Tisdale invites the reader to take a seat at the deathwatch, where we are reminded to be aware of our own reactions to emotional scenes: self-awareness can help you better understand the situation you are in with a person who is dying. Mindful listening, for one, is imperative. “Half the energy of caring for a dying person is listening, really listening.” That means not planning what you will say next, not panicking about what the other person has to say, and allowing them to have their say, even when it seems strange or nonsensical. Because Tisdale imparts some wisdom: “If you are dying, you can say anything you want.”

Aligned with this view is the firm assertion that a good death should be defined by the person who is dying, not their caregivers, family members, or doctors. Tisdale bemoans the rhetoric of obituaries that describe death as a “brave battle” in which one remains “dignified throughout her illness”, that frame dying as having a particular tenor to which we should aspire. As a palliative nurse, she offers poignant anecdotes that show that death is, in fact, difficult to manage with what we might call dignity. Dying is messy, revealing what it really means to be a human living in a body, and dying in one as well. For those are afraid, Tisdale gently asserts: “Dying is perfectly safe. It isn’t going to hurt you.”

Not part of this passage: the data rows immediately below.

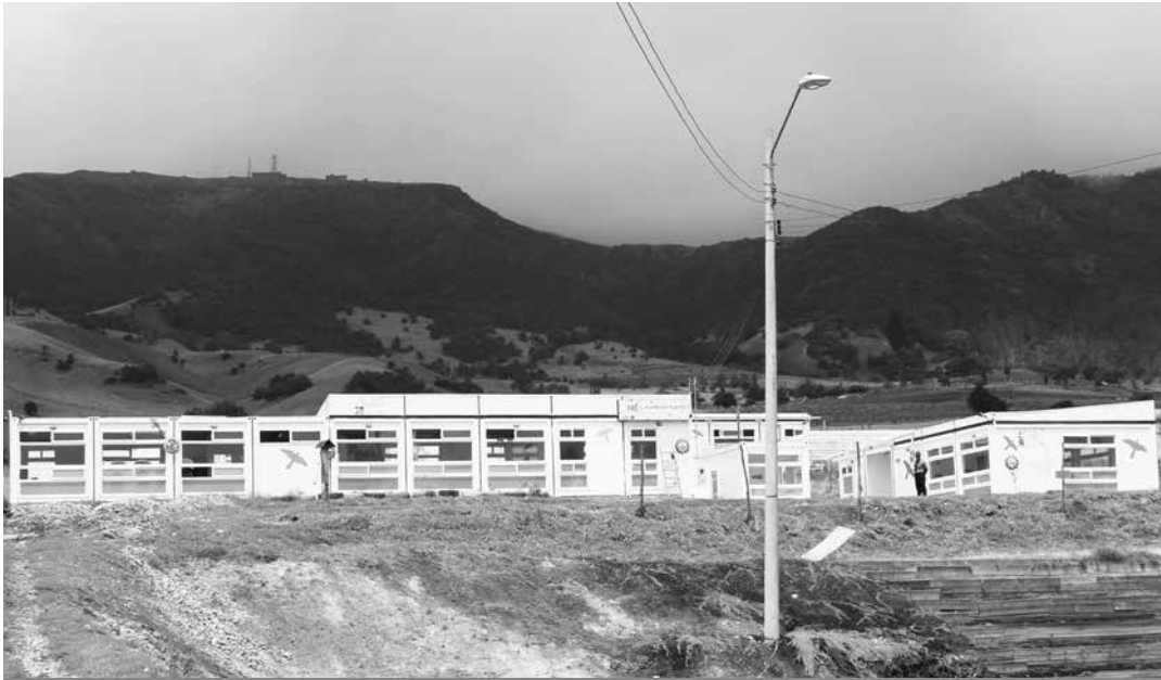
Estructura del Jardín los Alisos de Mochuelo. Ubicado en el sector alto del Predio La Isla. Mochuelo Alto. Enero 30 de 2016.

El Jardín Infantil Los Alisos de Mochuelo, entró en funcionamiento mediante la implementación de dos proyectos de educación; uno de ellos, ámbito institucional, el cual promueve la garantía y restitución de los derechos de los niños y niñas, identificando alertas tempranas, la intervención de su bienestar y el de sus familias, denominado el Jardín Infantil. Así mismo el programa, ámbito rural, denominado Semillas y Agua, el cual mediante talleres, encuentros y visitas domiciliarias identifica el desarrollo integral de los infantes al interior de sus hogares.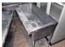
ステンレスシンク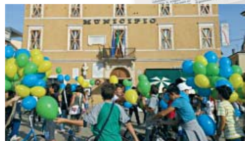
I bambini di Bondeno lanciano i palloncini in piazza durante la festa del volontariato

Una festa apertasi al mattino, con l'arrivo di un centinaio di Autieri davanti al monumento di via Vittorio Veneto. Per una cerimonia (la 38esima) svoltasi come un anno fa all'aperto, questa volta per la contingenza del terremoto, che ha reso inagibili quasi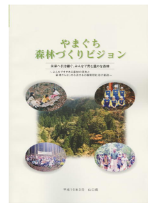
やまぐち森林づくりビジョン (平成16年3月策定)

このビジョンでは、百年先の豊かな森林の創造に向け、人と森林の関わり方を考慮して、本県の民有林を「自然を守る森林」、「水と緑を育む森林」、「循環利用される森林」、「生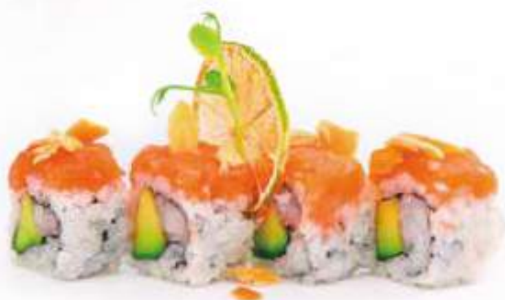
221 | HACHIKO MAKI 8PZ gambero crudo*, avocado, tartare di salmone e scaglie di mandorle all'esterno, salsa teriyaki €12.00 🍣🍣🍣🍣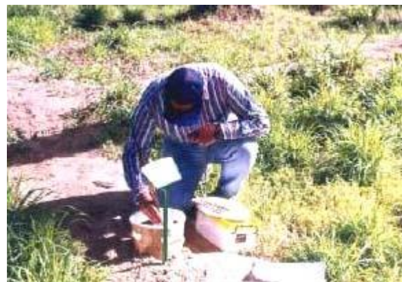
بررسی هفتگی تله های طعمه ای فرومونی - غذایی برای شمارش تعداد سرخرطومی های بالغ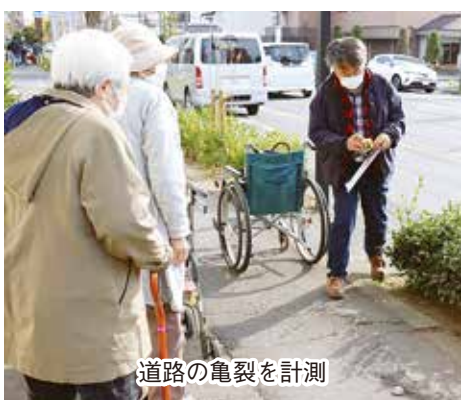
道路の亀裂を計測

後日の総括会議などを経て、文書にまとめ「街の環境改善」につなげるために当該地域の自治会長を通して前橋市の交通政策課等への申し入れを行いました。またこの活動を伝える聞いた住民からもある店舗への手すり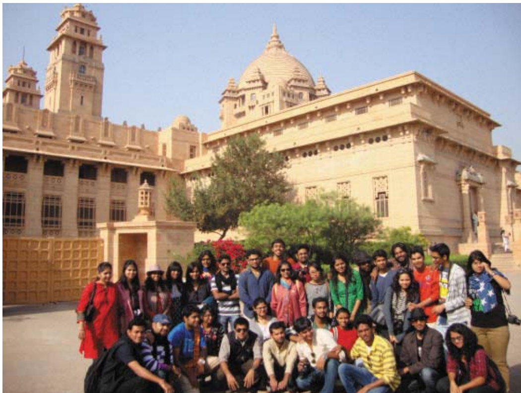
Study Tour to Rajasthan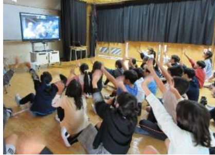
グラシャス！アディオス！スペイン語で元気いっぱいのお別れです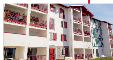
Urrugne / 64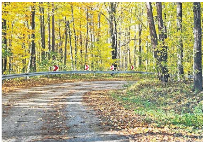
Kręta i stroma droga, prowadząca w kierunku wzgórza pod klasztorem, co roku jest zamykana na okres zimowy

Służby drogowe sukcesywnie usuwają zalegający piasek, jednak - jak podkreślają - cały proces wymaga czasu. Kierowcy i piesi powinni uzbroić się w cierpliwość, zanim wszystkie drogi i chodniki zostaną dokładnie uprzątnięte.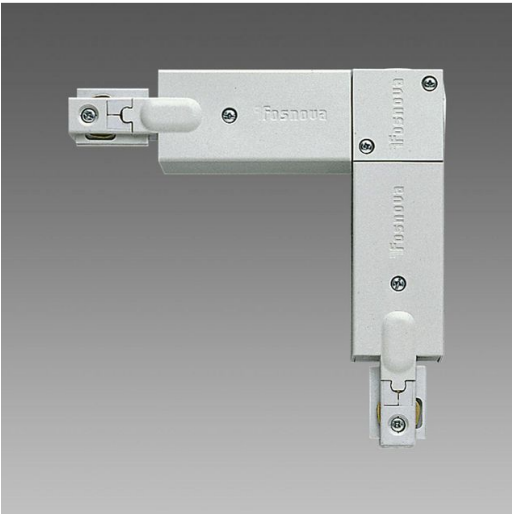
Elemento di giunzione a 'L' esterno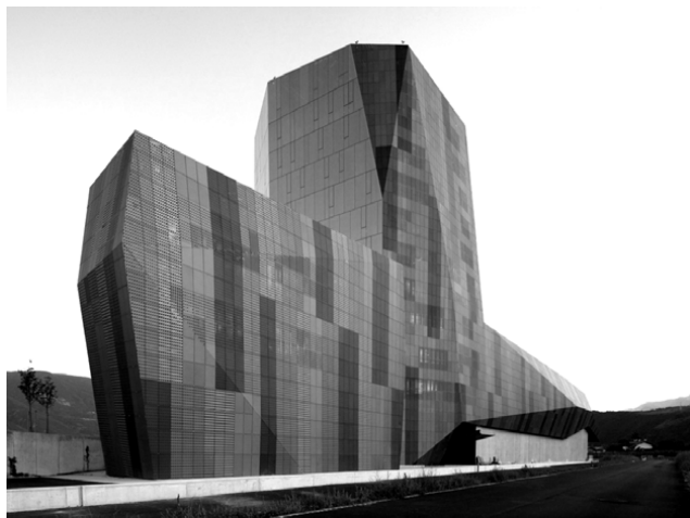
Salewa International Headquarters Cino Zucchi Architetti + Park Associati Bolzano, 2011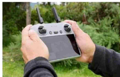
Junto a la comunidad y con todos los recursos en terreno la compañía avanza para asegurar el mantenimiento de su red eléctrica.

y sus clientes en agosto pasado. Este verano, Frontel continúa optimizando su respuesta mediante una red más resistente e inteligente para enfrentar los desafíos estacionales.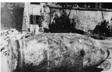
Niewybuch pocisku kal. 600 mm z niemieckiego najcięższego moździerza samobieżnego (60cm Mörser "Karl" Gerät 040, najprawdopodobniej pojazd nr VI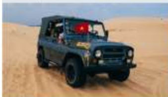
ทะเลทรายขาว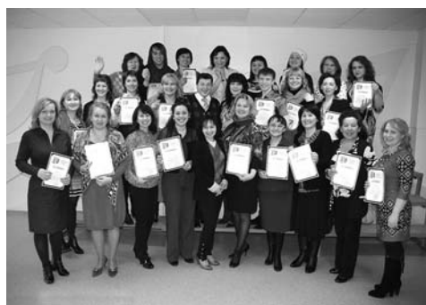
Участники семинаров в г. Альметьевске

Главными направлениями в ходе реализации проекта были просветительская деятельность в Субъектах РФ на межрегиональных мероприятиях Академии, формирование акустической лаборатории, научно-исследовательская деятельность по изучению акустических параметров голоса при хронических заболеваниях гортани у детей и подростков, которые можно отнести к предраковым, как способ ранней профилактики онкологической патологии.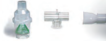
330158 Tコネクタ マウスピース付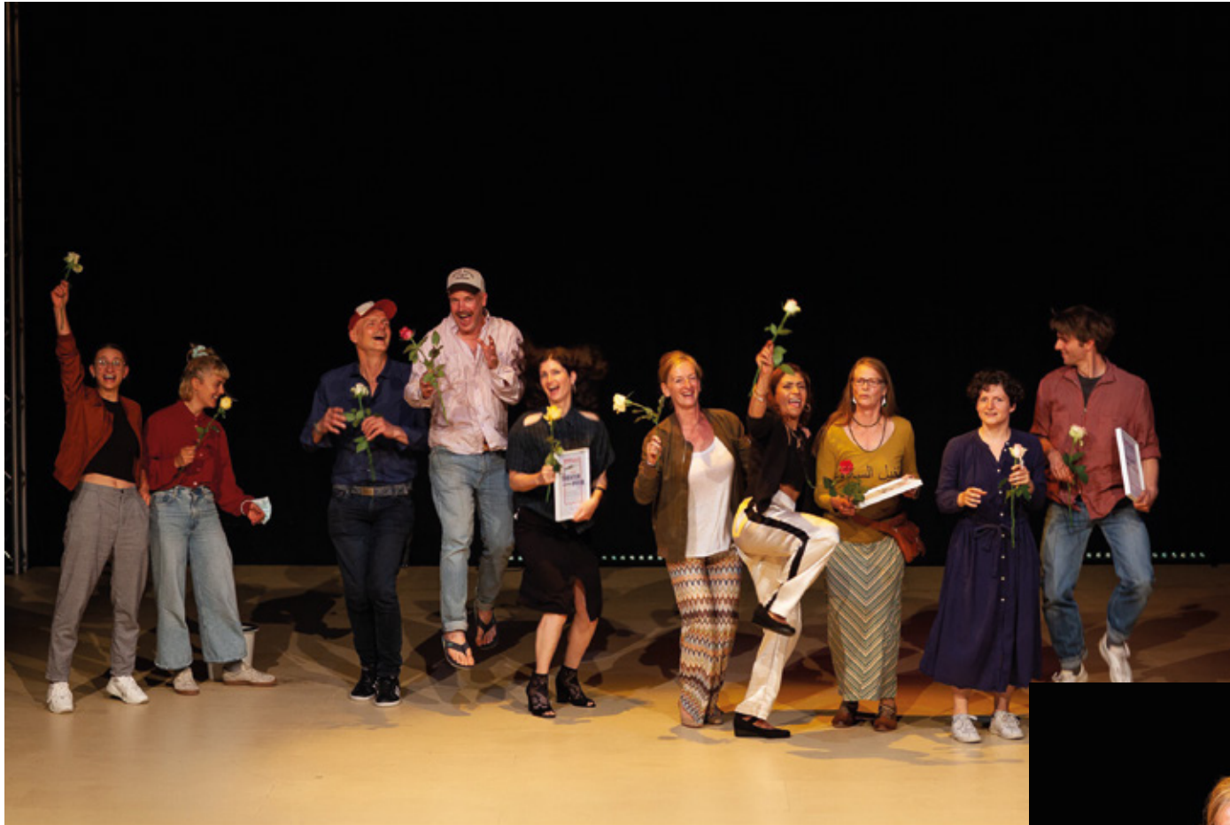
Die glücklichen Gewinner*innen 2021: Analogtheater holten mit »Geister ungesehen. Ein deutsches Trauma« den zweiten Platz. Drittplatzierte und Gewinner*innen des Publikumspreises für »Umzug in eine vergleichbare Lage« sind Artmann&Duvoisin

Death can, however, be unexpected. So can a diagnosis or a realization of death’s inevitability. With this in mind, what might your relationship with death look like? Tisdale writes: “I want to meet death with curiosity and willingness. What do you want to do? Do you want to meet death with devotion, love, a sense of adventure, or do you want to rage against the failing light? Cultivate those qualities now. Master them.”

Tisdale is as plainspoken about grief as she is about the process of moving toward death. This, too, is refreshing. “No one tells you that grief is like a long march in bad weather,” she writes, but she tells the reader many things about the way that death is disorienting. The person you were, who knew the rhythms of daily life with the person who is dead, dies as well. Part of grieving is figuring out how to find your way through days with a different construct.

Perhaps most important is realizing that there is not a “right” way to grieve, and that grief may take unexpected shapes. Against the common attitude that grief is something you just “deal with” and “get past”, Tisdale offers some scientific evidence that grief is large and luminous. MRI scans show that unlike emotions that only light up one sector of the brain, grief is everywhere: in parts of the brain that deal with metabolism, visual images, and memory, among others. Rethinking attitudes toward death and dying may also bring about a shift in attitudes toward grieving, another way to make the difficult work of death a bit easier.